In the material below, find the line with "Procambarus clarki is everywhere..." and the line with "Sept 26-28, 2013 Dearborn MI", then output those two lines and every line between them, exactly.

[DATA IN THIS EXERCISE Boundary: Start]

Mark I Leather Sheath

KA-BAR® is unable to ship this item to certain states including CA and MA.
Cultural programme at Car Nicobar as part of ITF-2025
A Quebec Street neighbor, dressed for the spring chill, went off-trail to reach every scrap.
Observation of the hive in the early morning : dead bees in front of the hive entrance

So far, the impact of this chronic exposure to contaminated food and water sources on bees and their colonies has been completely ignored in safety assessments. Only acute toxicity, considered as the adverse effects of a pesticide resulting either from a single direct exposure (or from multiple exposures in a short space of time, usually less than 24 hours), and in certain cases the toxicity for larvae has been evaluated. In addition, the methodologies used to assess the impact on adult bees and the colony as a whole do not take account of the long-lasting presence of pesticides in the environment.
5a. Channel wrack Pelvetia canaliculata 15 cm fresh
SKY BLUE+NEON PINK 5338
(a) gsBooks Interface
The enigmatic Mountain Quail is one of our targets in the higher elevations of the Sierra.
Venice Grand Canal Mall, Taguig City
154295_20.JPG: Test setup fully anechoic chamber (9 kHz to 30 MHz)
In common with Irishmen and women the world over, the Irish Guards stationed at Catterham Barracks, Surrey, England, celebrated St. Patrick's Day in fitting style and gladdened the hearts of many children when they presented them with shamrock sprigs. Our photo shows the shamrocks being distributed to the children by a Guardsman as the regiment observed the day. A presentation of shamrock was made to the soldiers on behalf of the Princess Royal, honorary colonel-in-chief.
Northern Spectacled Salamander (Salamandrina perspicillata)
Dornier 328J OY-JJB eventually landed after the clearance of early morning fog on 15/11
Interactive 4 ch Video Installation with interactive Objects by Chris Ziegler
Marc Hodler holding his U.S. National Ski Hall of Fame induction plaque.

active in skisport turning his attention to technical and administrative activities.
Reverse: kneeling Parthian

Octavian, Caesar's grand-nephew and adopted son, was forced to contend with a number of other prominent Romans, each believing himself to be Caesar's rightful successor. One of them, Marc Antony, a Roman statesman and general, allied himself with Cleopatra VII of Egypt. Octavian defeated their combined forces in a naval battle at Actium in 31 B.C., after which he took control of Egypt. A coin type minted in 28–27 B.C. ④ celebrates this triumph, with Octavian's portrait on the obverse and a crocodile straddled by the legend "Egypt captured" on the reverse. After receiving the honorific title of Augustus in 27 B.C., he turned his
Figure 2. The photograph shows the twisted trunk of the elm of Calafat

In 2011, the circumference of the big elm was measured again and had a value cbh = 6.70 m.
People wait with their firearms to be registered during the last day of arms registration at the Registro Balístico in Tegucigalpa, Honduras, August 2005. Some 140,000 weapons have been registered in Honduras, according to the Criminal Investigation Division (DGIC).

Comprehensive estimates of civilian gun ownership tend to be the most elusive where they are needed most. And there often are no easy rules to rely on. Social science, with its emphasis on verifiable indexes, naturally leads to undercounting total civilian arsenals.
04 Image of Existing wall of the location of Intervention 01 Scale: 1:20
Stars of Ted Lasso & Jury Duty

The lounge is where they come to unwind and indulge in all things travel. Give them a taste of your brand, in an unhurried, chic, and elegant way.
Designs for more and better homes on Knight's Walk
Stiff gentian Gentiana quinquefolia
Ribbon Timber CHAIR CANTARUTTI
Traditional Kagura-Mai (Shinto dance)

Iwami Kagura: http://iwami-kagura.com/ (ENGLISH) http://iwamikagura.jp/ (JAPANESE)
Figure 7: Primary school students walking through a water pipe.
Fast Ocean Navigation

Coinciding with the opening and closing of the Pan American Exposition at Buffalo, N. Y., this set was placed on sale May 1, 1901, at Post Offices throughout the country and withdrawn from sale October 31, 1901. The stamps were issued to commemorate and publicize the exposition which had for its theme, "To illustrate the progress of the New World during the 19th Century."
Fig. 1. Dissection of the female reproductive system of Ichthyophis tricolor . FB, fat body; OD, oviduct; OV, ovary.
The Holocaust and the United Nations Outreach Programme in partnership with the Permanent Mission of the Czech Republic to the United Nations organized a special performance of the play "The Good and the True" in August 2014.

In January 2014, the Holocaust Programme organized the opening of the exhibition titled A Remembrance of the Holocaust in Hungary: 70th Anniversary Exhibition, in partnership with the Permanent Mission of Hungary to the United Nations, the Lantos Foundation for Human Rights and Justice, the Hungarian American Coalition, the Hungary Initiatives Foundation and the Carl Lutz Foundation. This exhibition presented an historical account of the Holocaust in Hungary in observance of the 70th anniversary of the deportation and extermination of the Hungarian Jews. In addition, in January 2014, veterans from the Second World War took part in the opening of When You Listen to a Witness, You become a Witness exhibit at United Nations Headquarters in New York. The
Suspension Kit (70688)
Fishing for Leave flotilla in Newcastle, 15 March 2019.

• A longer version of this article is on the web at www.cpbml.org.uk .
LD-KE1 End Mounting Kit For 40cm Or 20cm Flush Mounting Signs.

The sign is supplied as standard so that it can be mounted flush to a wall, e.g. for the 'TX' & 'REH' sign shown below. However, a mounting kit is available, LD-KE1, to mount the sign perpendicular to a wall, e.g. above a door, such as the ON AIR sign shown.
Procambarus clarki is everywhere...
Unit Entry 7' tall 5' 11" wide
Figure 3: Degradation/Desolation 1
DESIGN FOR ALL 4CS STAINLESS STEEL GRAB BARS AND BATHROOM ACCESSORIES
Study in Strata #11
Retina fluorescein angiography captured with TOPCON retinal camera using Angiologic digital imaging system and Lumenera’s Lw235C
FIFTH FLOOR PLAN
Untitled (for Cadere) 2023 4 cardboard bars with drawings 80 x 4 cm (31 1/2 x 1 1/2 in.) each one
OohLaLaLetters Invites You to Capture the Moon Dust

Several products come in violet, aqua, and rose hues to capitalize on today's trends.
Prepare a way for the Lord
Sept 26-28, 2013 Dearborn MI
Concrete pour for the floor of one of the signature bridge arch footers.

[DATA IN THIS EXERCISE Boundary: End]

* _THE COMPLETED TASK_
Procambarus clarki is everywhere...
Unit Entry 7' tall 5' 11" wide
Figure 3: Degradation/Desolation 1
DESIGN FOR ALL 4CS STAINLESS STEEL GRAB BARS AND BATHROOM ACCESSORIES
Study in Strata #11
Retina fluorescein angiography captured with TOPCON retinal camera using Angiologic digital imaging system and Lumenera’s Lw235C
FIFTH FLOOR PLAN
Untitled (for Cadere) 2023 4 cardboard bars with drawings 80 x 4 cm (31 1/2 x 1 1/2 in.) each one
OohLaLaLetters Invites You to Capture the Moon Dust

Several products come in violet, aqua, and rose hues to capitalize on today's trends.
Prepare a way for the Lord
Sept 26-28, 2013 Dearborn MI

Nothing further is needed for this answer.